**Data provided:**

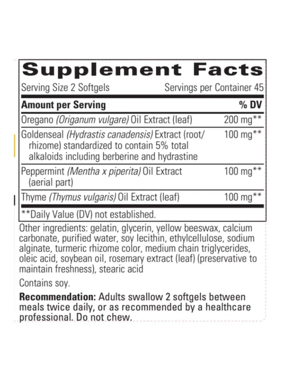 Thyme: Thyme (Thymus vulgaris) has been used traditionally as a remedy to support the health of the respiratory and digestive systems.†16,17 The main active constituent, thymol, has been shown to be active in controlling yeast growth.†18-24 Thyme extracts also support healthy neutrophil production and proper balance of inflammatory mediators.†25
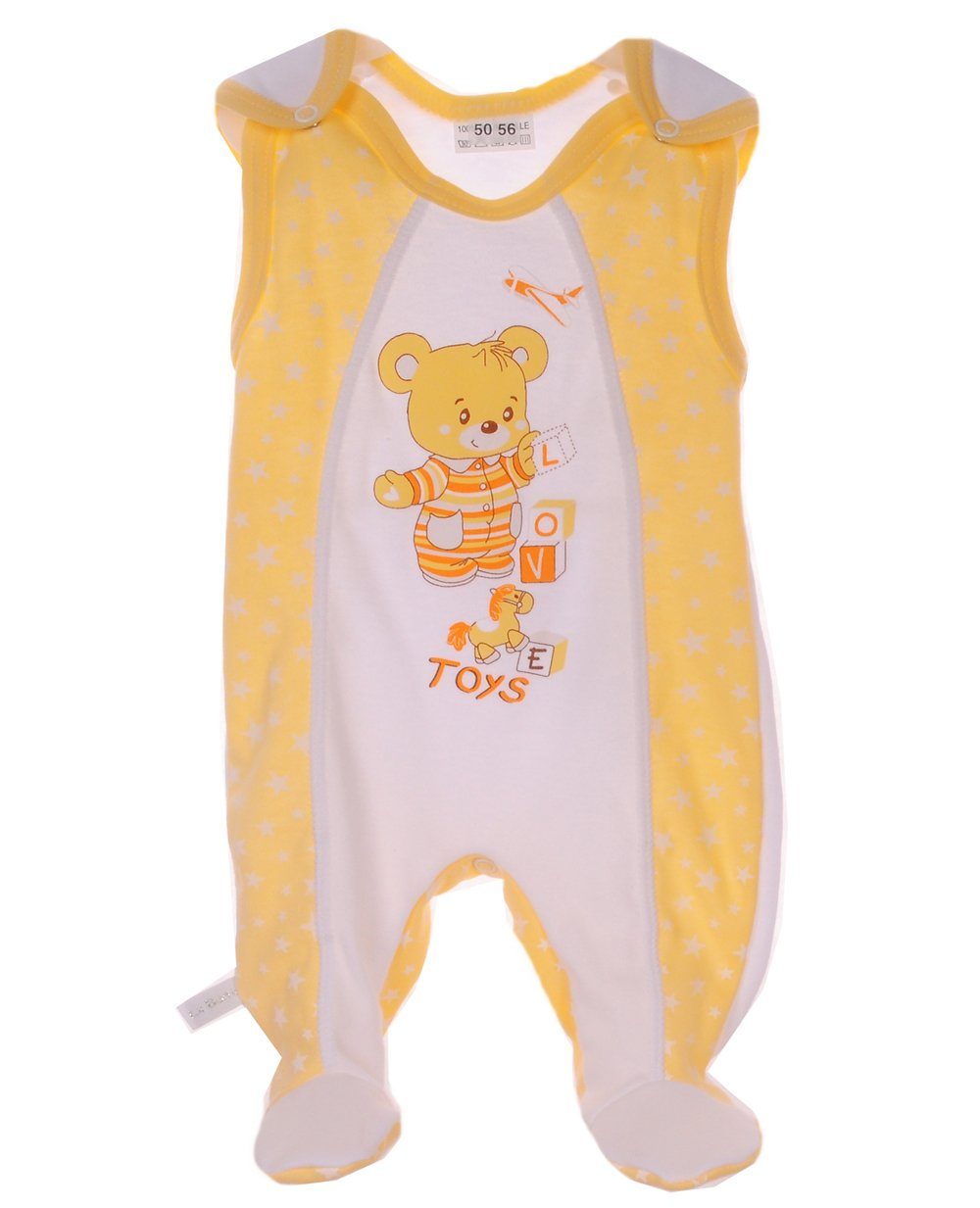 Willkommen in der Welt des Komforts und des Stils für die Kleinsten! Unser ärmelloser Strampler mit Füßchen aus hochwertiger, reiner Baumwolle ist die perfekte Wahl für Neugeborene, Frühchen und Kleinkinder. Mit einem zeitlosen Design in Weiß und Gelb, verziert mit niedlichen Sternen und einem bezaubernden Bärchen-Print, ist dieser Strampler nicht nur bequem, sondern auch absolut entzückend. Unsere ärmellosen Strampler sind sorgfältig entworfen, um den Bedürfnissen Ihres Babys gerecht zu werden. Sie bieten uneingeschränkte Bewegungsfreiheit und halten Ihr kleines Wunder stets angenehm warm. Die Verwendung von reiner Baumwolle garantiert eine atmungsaktive und weiche Umgebung, die die empfindliche Haut Ihres Babys sanft umschmeichelt. Dieser Strampler eignet sich perfekt für jede Jahreszeit, sei es an warmen Sommertagen oder gemütlichen Winternächten.
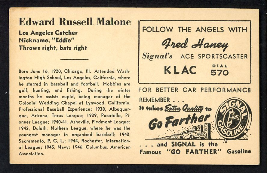 1947 Signal Oil Eddie Malone Los Angeles VG-EX 537114

**Your goal:** Return to the listing above and set it down exactly, leaving out its pictures.

**Response to the task:**
 Thyme: Thyme (Thymus vulgaris) has been used traditionally as a remedy to support the health of the respiratory and digestive systems.†16,17 The main active constituent, thymol, has been shown to be active in controlling yeast growth.†18-24 Thyme extracts also support healthy neutrophil production and proper balance of inflammatory mediators.†25
 Willkommen in der Welt des Komforts und des Stils für die Kleinsten! Unser ärmelloser Strampler mit Füßchen aus hochwertiger, reiner Baumwolle ist die perfekte Wahl für Neugeborene, Frühchen und Kleinkinder. Mit einem zeitlosen Design in Weiß und Gelb, verziert mit niedlichen Sternen und einem bezaubernden Bärchen-Print, ist dieser Strampler nicht nur bequem, sondern auch absolut entzückend. Unsere ärmellosen Strampler sind sorgfältig entworfen, um den Bedürfnissen Ihres Babys gerecht zu werden. Sie bieten uneingeschränkte Bewegungsfreiheit und halten Ihr kleines Wunder stets angenehm warm. Die Verwendung von reiner Baumwolle garantiert eine atmungsaktive und weiche Umgebung, die die empfindliche Haut Ihres Babys sanft umschmeichelt. Dieser Strampler eignet sich perfekt für jede Jahreszeit, sei es an warmen Sommertagen oder gemütlichen Winternächten.
 1947 Signal Oil Eddie Malone Los Angeles VG-EX 537114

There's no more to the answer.